LPWAN Low Power Wide Area Network

1. Introduction

LPWAN provides long-distance communication for rural and urban areas to support IIoT devices considered by a 10-year provision time to acclimate IIoT applications with higher extensibility and availability of intelligent monitoring infrastructure for a small portion of data exchanges. LoRa is favorable to use with smart sensing applications working on the IIoT non-authored spectrum [1]. NBIoT is suitable for supporting agriculture and environmental data collection and observations; industrial data tracking and monitoring; inventory tracking; smart billing; and smart buildings, smart metering, and smart cities. Machine-to-machine (M2M) communication uses the Bluetooth Low Energy (BLE) technique for data communication; the other IIoT applications used in healthcare, smart agriculture, intelligent home, smart vehicles, smart city, smart gadgets, and industries use the cognitive LPWAN, LoRA, Sigfox[2][3][4][5][6][7]. Figure 1 shows the various sectors of IIoT applications. There is a need to mix most LPWAN technologies in heterogeneous IIoT applications to provide more efficient and convenient intelligent services. In heterogeneous IIoT applications, there is a need to mix most LPWAN technologies to provide more efficient and convenient intelligent services. This will be deployed by cognitive LPWAN[8].

Figure 1. Various sectors of IIoT applications.
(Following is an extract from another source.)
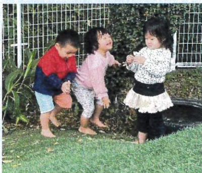
枯葉を見つけては「え〜い」と降らせて楽しむ3人組。子どもたちだけでもあそびが成立するようになりました。

今年度もまもなく終了ですね。4月の頃と比べ子どもたちもずいぶんたくましくなりました。今回は戸外での遊びの様子をお伝えします。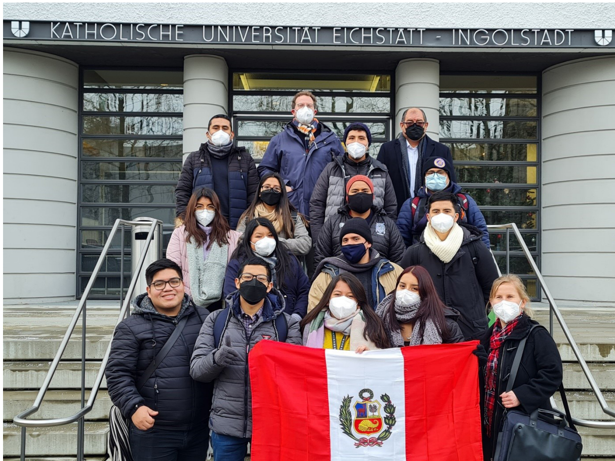
Abb. 17: Studierende der UNMSM am Campus der WFI in Ingolstadt.

Cognitive LPWAN will provide promising IIoT systems strategies and improve spectrum usage to increase network performance. The use of cognitive radio will help overcome the limitations due to several IIoT infrastructure things. Cognitive devices in LPWAN can work collaboratively more than available spectrum allocations. The LPWANs can share channels and events because of the extra traffic packets within the specific event area, thereby striving to block the channel concurrently [9][10][11][9,10,11]. The most sophisticated Industrial Internet of Things (IIoT), based on applications for smart cities, industries, metering, and home architectures, are required to transmit data over long distances, consume low energy, and to be cheaper and highly scalable[12][13][14]. However, the design mechanism requires maintaining the existing cellular communication technologies.

Thus, it has been a recent research prospect to meet-up all the above requisites related to IIoT-based applications, and due to the importance of the matter, newer and more suitable communication technologies such as Low Power Wide Area Network (LPWAN) started to appear with no delay. LPWAN is currently being utilized in numerous applications based on Industrial IoT (IIoT) due to their merits of offering low power consumption rates, long transmission range, low cost, simplified network topology, scalable and simple deployment, small data frame sizes[14], and thin infrastructure; even though it has low data rates [15]. According to the estimation provided in[16], 800 million IIoT devices may become connected over LPWAN standards by 2022 due to the good qualities and advantages of LPWAN. However, there is a concern that most LPWAN will typically suffer from spectra congestion due to their major deployment in the unlicensed Industrial, Scientific, and Medical (ISM) band [17]. This demerit may cause increased interference, limited scalability, spectral inefficiency, and reduced transmission range to LPWAN systems [18].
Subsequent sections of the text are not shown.